Dr. Sirena Pellarolo sat in her office chair one afternoon perusing a book by Chicana poet and radical feminist Gloria Anzaldua called ‘La Frontera: The New Mestiza.’ Her fourth-floor office is typical of an intellectual, swamped with stacks of documents and books on the shelves or her desk.
As a scholar, her choice of reading material gives her an air of universal educator because most of the times scattered throughout the office are translations in both English and Spanish.
But Pellarolo’s book-infested office isn’t the only type of learning she enjoys.
‘I like authors who write about new social movements in Latin America and alternative ways of living in the world,’ said Pellarolo, also an activist, poet and a playwright. Currently, she is teaching a Central American studies seminar on culture and lectures on Gloria Mu’ntilde;oz Ramirez’s journalistic book about the Zapatistas, an autonomous indigenous group in Chiapas, Mexico.
‘Reading books for me is like looking into a mirror, I can engage in dialogue,’ she said.
Pellarolo, an associate professor in the modern and classical languages and literatures department at CSUN, comes across as a dedicated woman whose drive surpasses what her occupation would typically entail.
Pellarolo was born in 1955 in Argentina, where she received a master’s degree in Latin American literature. As an activist and feminist, she said that oppressed groups worldwide should strive to overcome discrimination and exploitation.
Motivated by Argentina’s social and political turmoil, Pellarolo decided to come to California in 1988. The movement she witnessed in the U.S. signaled a lifelong commitment of educating fellow Latinos in the fight against discrimination. She particularly feels a kinship to Chicana/os.

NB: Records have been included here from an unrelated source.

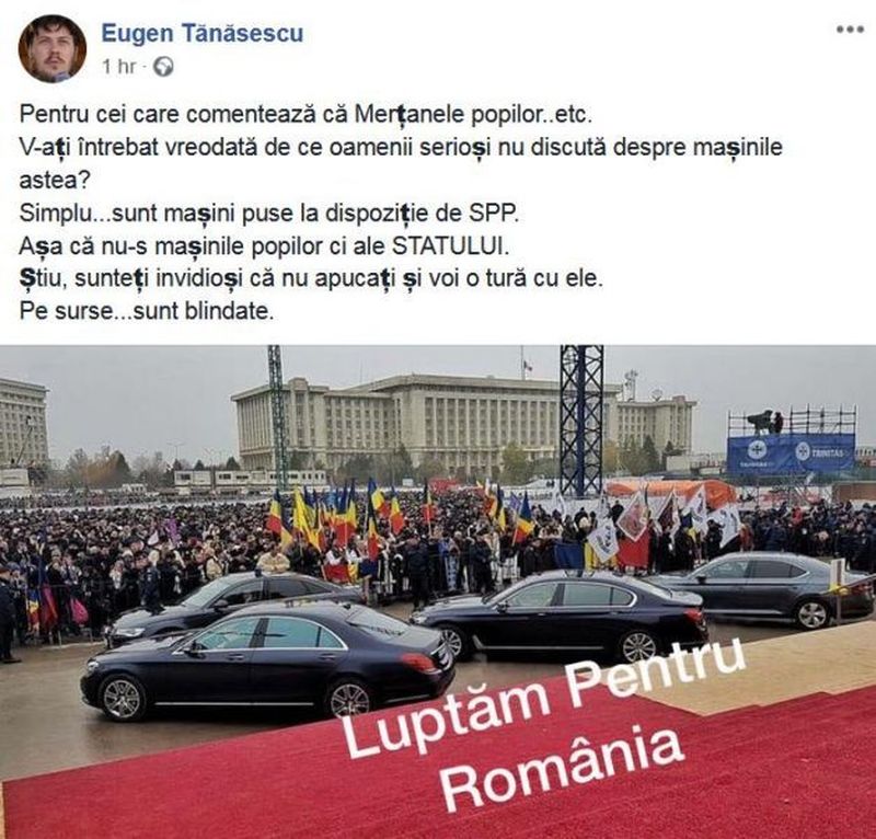 „Pentru cei care comentează că Merţanele popilor... etc. V-aţi întrebat vreodată de ce oamenii serioşi nu discută despre maşinile astea? Simplu... sunt maşini puse la dispoziţie de SPP. Aşa că nu-s maşinile popilor, ci ale STATULUI. Ştiu, sunteţi invidioşi că nu apucaţi şi voi o tură cu ele. Pe surse... sunt blindate.“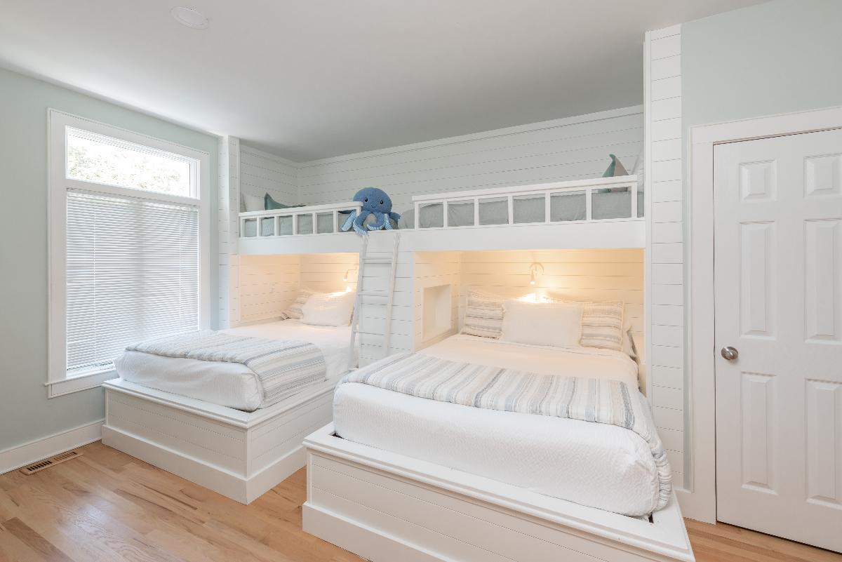 To accommodate additional guests, we designed and built a custom bed unit featuring two bunk beds over queen beds, maximizing sleeping capacity while maintaining a comfortable, inviting layout.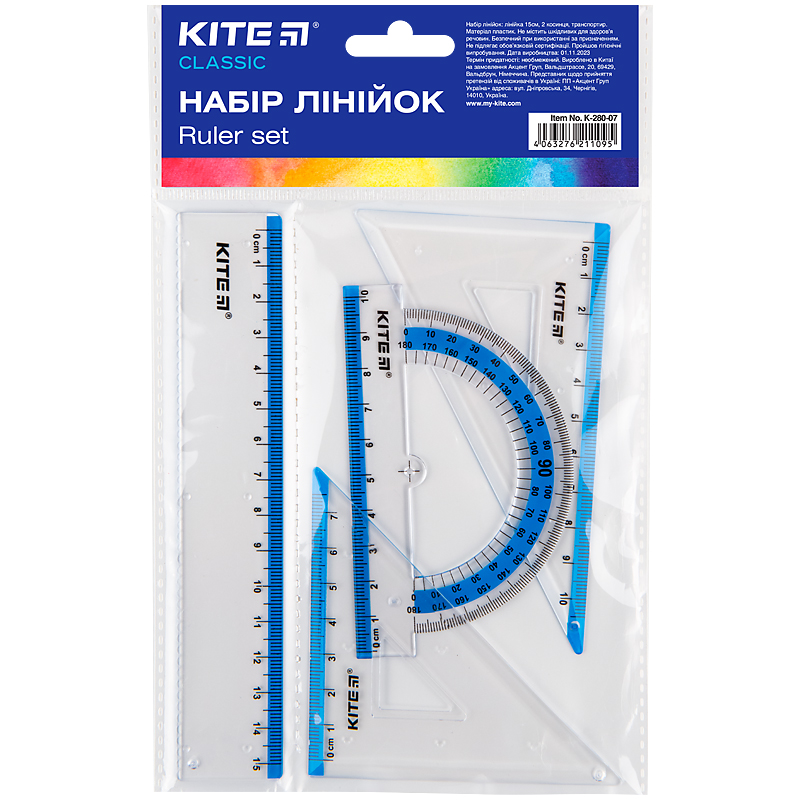 - склад набору: лінійка 15 см, 2 косинця, транспортир,

‘I was feeling very identified as an immigrant myself,’ said Pellarolo of her experience leaving her country. Upon witnessing the inequality and racism Latinos faced in this country, Pellarolo began to get involved in Latino-based studies.
‘I believe, like the Zapatistas, that another world is possible,’ Pellarolo said. ‘Each breathing second of my life is dedicated to creating this new world. It is important to be educated, we need to know our roots.’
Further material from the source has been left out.